Dataset name, e.g., "x2" or "iris".

n_clustersint or list of ints

Number of clusters.

path

Path to the directory containing the downloaded benchmark datasets suite. Defaults to the current working directory.

expanduser

Whether to call os.path.expanduser on the file path.

expandvars

Whether to call os.path.expandvars on the file path.

Returns
results

A dictionary of dictionaries of label vectors that can be accessed like results[method_name][n_clusters].

Examples

>>> import os.path
>>> import clustbench
>>> # load from a local library (a manually downloaded repository)
>>> results_path = os.path.join("~", "Projects", "clustering-results-v1", "original")
>>> res = clustbench.load_results("*", "wut", "x2", 3, path=results_path)
>>> print(res.keys())
clustbench.preprocess_data(data, noise_factor=1e-06, random_state=None)

Normalise a data matrix

Removes all columns of zero variance (constant). Centres the data around the centroid (so that each column mean is 0). Scales all columns proportionally (so that the total variance is 1; note that this is not the same as standardisation: standard deviations in each column might still be different).
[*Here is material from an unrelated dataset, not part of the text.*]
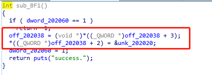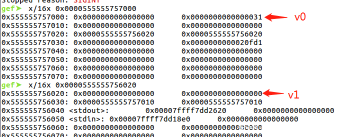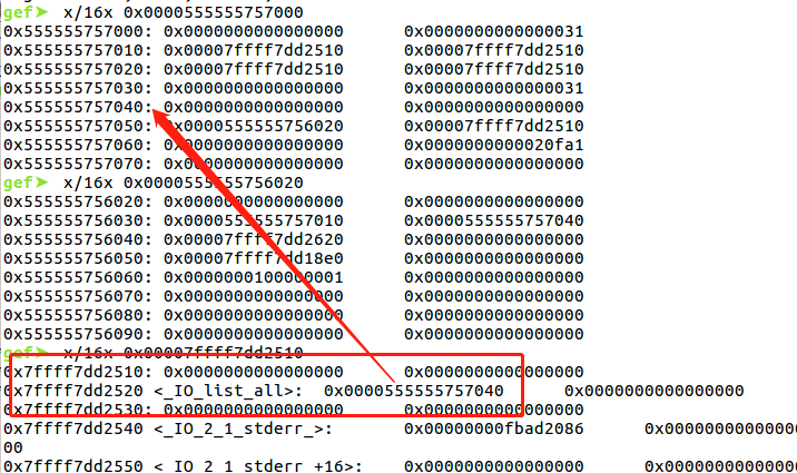 第二个函数和第三个函数只能执行一次,有个任意地址写漏洞,这时我们可以利用第二个函数改写off_202038+3d为_IO_list_all-0x10,然后分别执行第三和第一个函数,最后_IO_list_all就会指向0x555555757040的位置

Adds a tiny amount of noise to minimise the risk of having duplicate points.

Parameters
data

Data matrix.

noise_factor

Standard deviation of the white noise added.

random_state

Seed of the random number generator; see scipy.stats.norm.rvs.

Returns
data

A modified data matrix.

Examples

>>> import os.path
>>> import clustbench
>>> data_url = "https://github.com/gagolews/clustering-data-v1/raw/v1.1.0"
>>> wut_smile = clustbench.load_dataset(
...     "wut", "smile", url=data_url, preprocess=False)
>>> np.random.seed(123)  # assure reprodicibility
>>> X = clustbench.preprocess_data(wut_smile.data)
clustbench.save_data(filename, data, fmt='%g', expanduser=True, expandvars=True)
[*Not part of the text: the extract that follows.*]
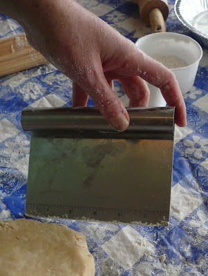 I opened my Pitchfork Pie Stand at the American Gothic House two and a half weeks ago and have been reminded that making pie in large volumes requires more than my usual two tools of a rolling pin and a mixing bowl. I have also discovered some new, indispensable items…some you can purchase, some you cannot.

Write a data matrix for inclusion in the clustering benchmark suite

Parameters
filenamestring or file handle

For example, path_to_suite/battery/dataset.data.gz.

data2D array_like

A matrix-like object

fmt

See numpy.savetxt.

expanduser

Whether to call os.path.expanduser on the file path.

expandvars

Whether to call os.path.expandvars on the file path.

clustbench.save_labels(filename, labels, expanduser=True, expandvars=True)

Write a label vector for inclusion in the clustering benchmark suite

Parameters
filenamestring or file handle

For example, path_to_suite/battery/dataset.labels0.gz.

labels1D array_like

A label vector.

expanduser

Whether to call os.path.expanduser on the file path.

expandvars

Whether to call os.path.expandvars on the file path.

clustbench.save_results(filename, results, expanduser=True, expandvars=True)

Write clustering results of many algorithms

Parameters
filenamestring or file handle

For example, method_group/battery/dataset.resultK.gz.

resultsdict

A dictionary where each results[method_name] is a label vector.

expanduser

Whether to call os.path.expanduser on the file path.

expandvars

Whether to call os.path.expandvars on the file path.

Examples

>>> import os.path
>>> import clustbench
>>> # load from a local library (a manually downloaded repository)
>>> results_path = os.path.join("~", "Projects", "clustering-results-v1", "original")
>>> res = clustbench.load_results("*", "wut", "x2", 3, path=results_path)
>>> print(res.keys())
>>> clustbench.save_results("x1.result3.gz", clustbench.transpose_results(res)[3])
clustbench.transpose_results(results)

“Transpose” a results dictionary

Parameters
resultsdict

A dictionary of dictionaries or lists of objects.

Returns
retdict

A dictionary such that ret[b][a] is taken from results[a][b]. If results[a] is not a dictionary, labels_list_to_dict will be called first.